Terry March 20, 2012 at 05:04 AM
freedom to choose where u want to shop. if u dont want to shop at a store dont shop there. personally i am in pavillions almost every day. i go to ralphs and the arco gas station. most of the stores in the country mart arnt in my price range. i go to westlake or camerillo for much of my shopping. the stores that have customers will stay in business. the ones that dont wont be here long. One of the things Malibu lives off of is our sales tax and property tax dollars. for those of you that think we could have businesses that survive with tourist dollars have got to think again.
Malibu Realtor March 21, 2012 at 07:54 PM
You're kidding right? The Malibu Times is simply a business. It's not even a very good newspaper. Arnold York likes to play the part of big time editor but the truth is, if he doesn't get paid to do it, it's not getting in his paper. It's not a "community" newspaper, it's a newspaper that sells to the community. Surfside News at least sends out reporters and photographers to capture most local events and donates adds to support local groups. Arnold and his wife once said they hate the "F" word.
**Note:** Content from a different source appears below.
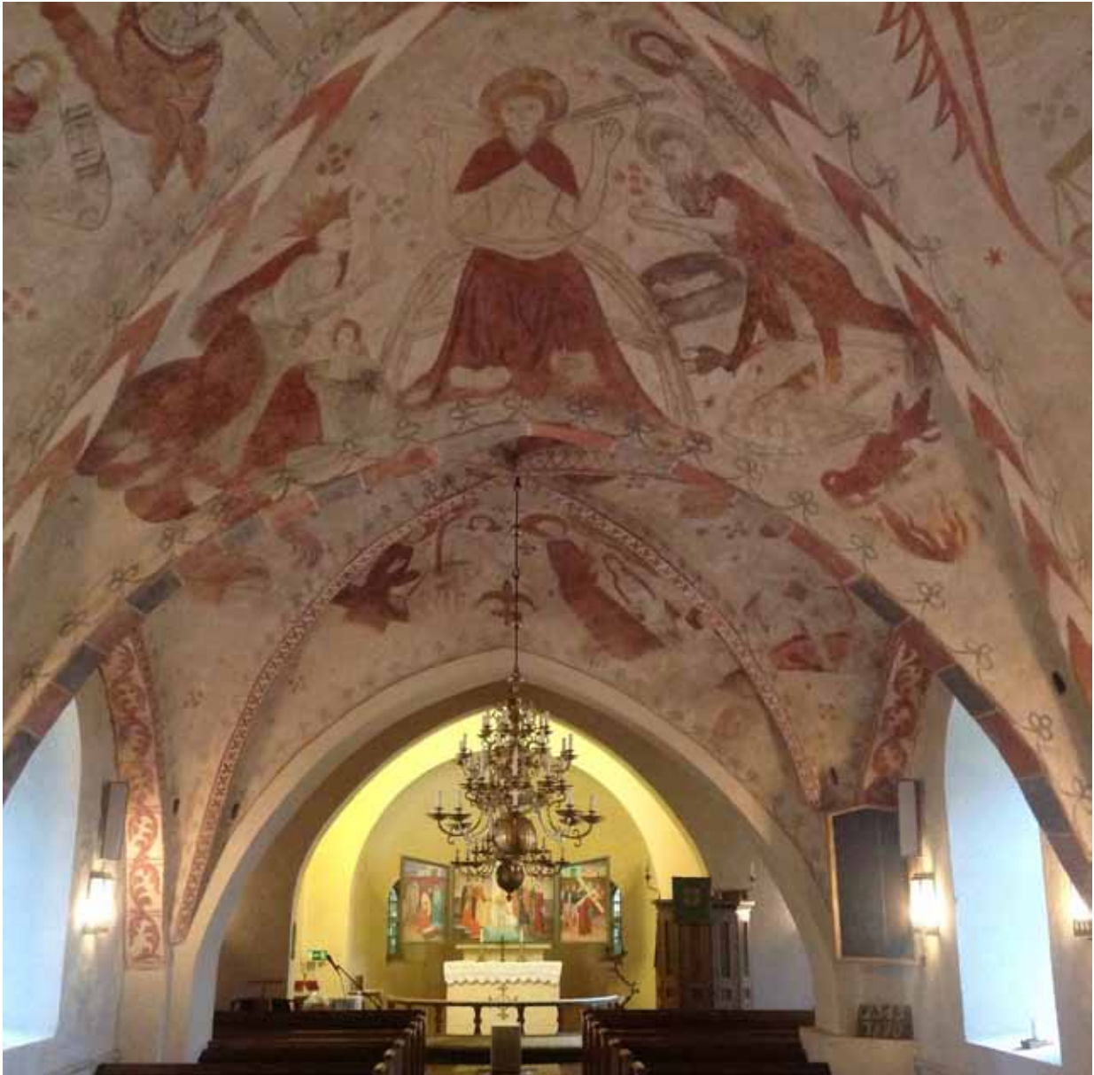
I närmsta valvet syns Yttersta domen.

Många av kyrkans inventarier förstördes, men en oväntad och positiv följd av katastrofen blev att värmen från branden fick kalken att spricka och åter blottlägga takmålningarna. Denna gång valde man att restaurera och konservera de unika verken, och det är så ni kommer att se dem vid ert besök. Skapelseberättelsen, syndafallet, yttersta domen och de sju dödssynderna är bara några av innehållen i bildsviterna.

By that they meant FREE. You want the Malibu Times to cover your event, break open your wallet, unless of course it helps them in the long run and then they are all over it.
studioseda March 30, 2012 at 02:20 AM
Seda Baghdasarian 7:17 pm on Thursday, March 29, 2012 Please show your support of local businesses at cross creek shopping center - I am shocked to find out most people dont know where Malibu Lumber Yard shopping center is because the design hides the merchants like Chocolatebox cafe from the street- Chocolatebox is a local mom & pop store (I am the mom :) What happens is everyone loses when residents do not support local shops and the businesses close because they cannot afford to be here and that would be the end of Malibu business owners who are here for the community- clearly depending on locals as well as visitors on weekends.